Abi Bernard ’19 says her experience is pretty typical at Cornell: she came in with one plan – to major in linguistics – but that changed in her first semester when she took a history course with Professor Russell Rickford that she enjoyed more.

“The historical perspective is so powerful,” she says. “What’s happening in the world is not new: Looking at what has happened in the past gives us courage to face today.”

Another course, Introduction to Comparative Government with Professor Nicolas van de Walle, inspired her to add government as a minor. 

Last summer she interned at Library Company, the oldest library in the U.S. (it was started in 1731 by Benjamin Franklin) through a Mellon Mays Undergraduate Fellowship program. One of her tasks was to transcribe archived minutes for the Colored Convention Project

These conventions were held from 1830 until the 1890s, explains Bernard – before the Civil War, by free Blacks in the North and after the Civil War in the South as well. They were held to discuss political strategy on how best to achieve emancipation, education and legal justice. 

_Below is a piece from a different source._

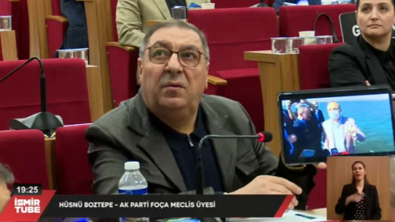 Toplantı sırasında tansiyonu yükselten an, AK Parti Foça Meclis Üyesi Hüsnü Boztepenin söz almasıyla yaşandı. Boztepe, körfez kirliliği ve kentte yıllardır süren koku sorununa dikkat çekmek için bir video izletmek istedi. Videoda, iki yıl önce dönemin AK Parti İl Başkanı Kerem Ali Sürekli ve Büyükşehir Belediyesi Grup Başkanvekili Özgür Hızalın Çiğli Arıtma Tesisi açıklarında düzenlediği basın açıklamasından görüntüler yer alıyordu.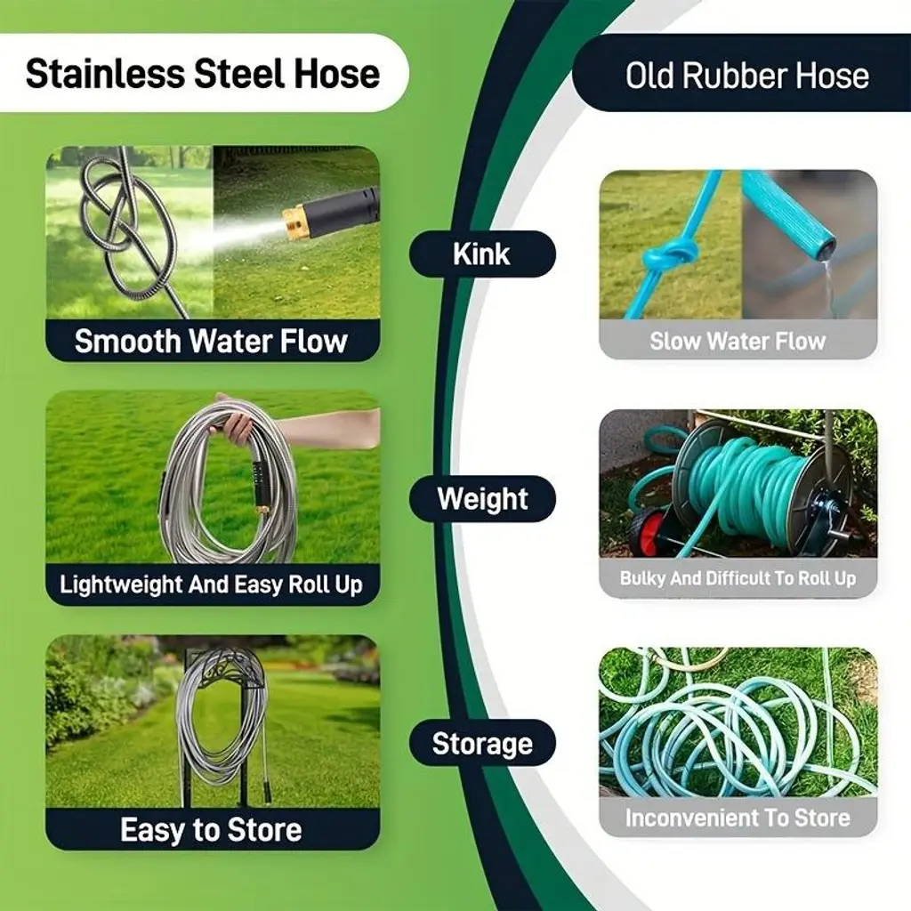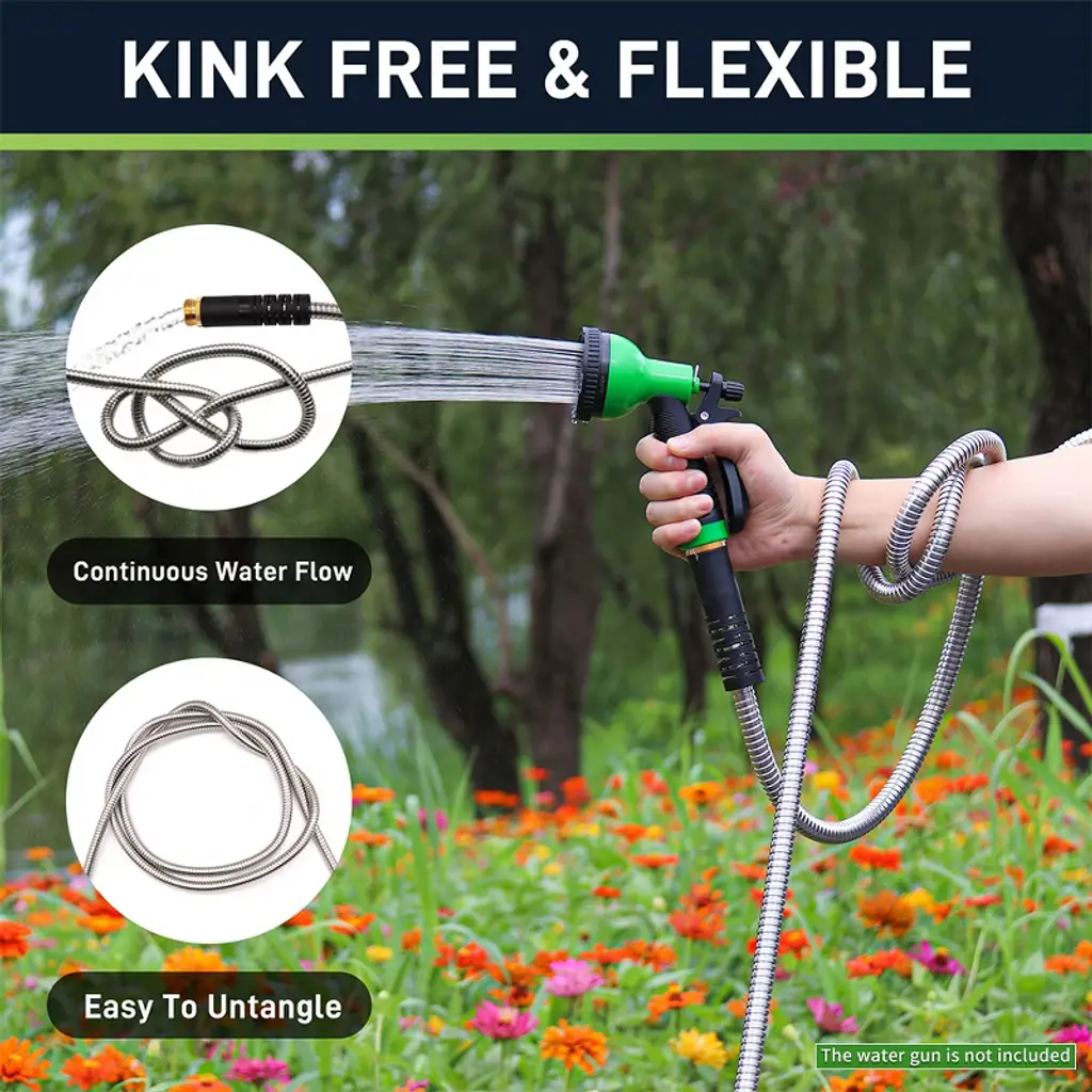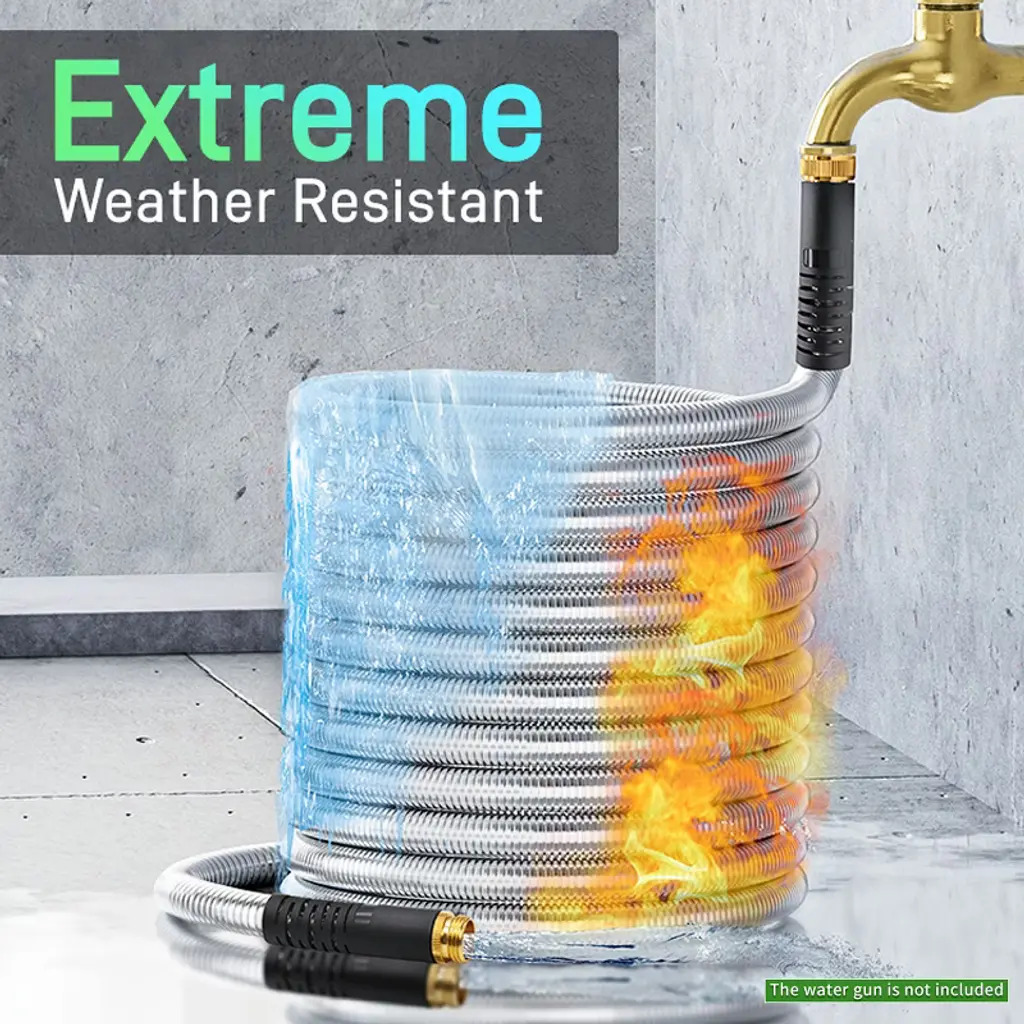 Say goodbye to kinks, tangles, and cracks with this Stainless Steel Garden Hose, designed to handle the toughest outdoor tasks with ease. Crafted from high-quality 304 stainless steel, this heavy-duty hose is built to last through every season—resisting rust, corrosion, and even animal bites. It stays cool in direct sunlight and maintains flexibility even in freezing temperatures. Unlike traditional rubber hoses, it’s ultra-lightweight and won’t kink or twist, ensuring a consistent water flow at all times. The upgraded connectors and precision-engineered O-ring seals provide a leak-proof experience, while the flexible design makes it easy to maneuver and store. Perfect for watering your garden, washing cars, cleaning pools, or bathing pets—this virtually indestructible hose is backed by a 100% warranty for complete peace of mind.

Inspired by her internship, Bernard decided to apply for the Mellon-Mays Undergraduate Fellowship at Cornell. The application requires a research proposal and Bernard turned for guidance to Jamila Michener, assistant professor of government, who was teaching her Politics and Public Policy class. 

Ultimately Bernard submitted a proposal to explore the rise of conservatism in Southern California from the New Deal Era until Reagan, and how this shift was evidenced in changes in districts and demographics. She was chosen as a fellow and Michener suggested she also talk to David Bateman, assistant professor of government.

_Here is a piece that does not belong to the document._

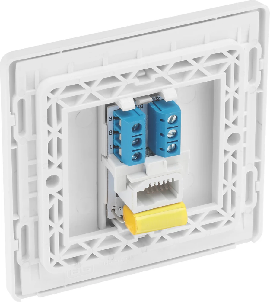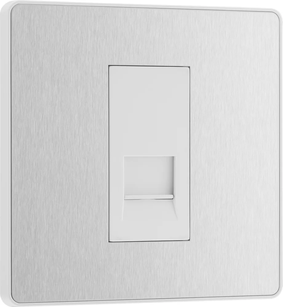 Brushed steel master telephone socket with easy-to-install, screw terminal connection. Feeds extension sockets, if required. For use where telephone line enters property. Connect router here for optimum broadband performance. Features low profile, screwless flat plate that clips on and off, making it ideal for modern interiors.

“It was serendipity,” says Bernard. “It turned out that Professor Bateman was working on the Colored Conventions. My summer plans weren’t working out so I asked him if he could use a research assistant. I’ve never taken a class with him, so he really put a lot of faith in me.” Bernard encourages undergraduates to be “willing and humble to ask their professors for opportunities—it really goes a long way.”

Bateman says that Bernard is “extraordinarily diligent, one of the best research assistants I’ve ever had. She’s found things I’d never have thought about looking for.”

This summer’s work with Bateman is similar to Bernard’s work at the Library Company. She’s collecting and studying legislative petitions on issues related to African-American political/civil rights in the antebellum north. The petitions ask for things like the right to vote, funding for Black schools and the right to jury trials. 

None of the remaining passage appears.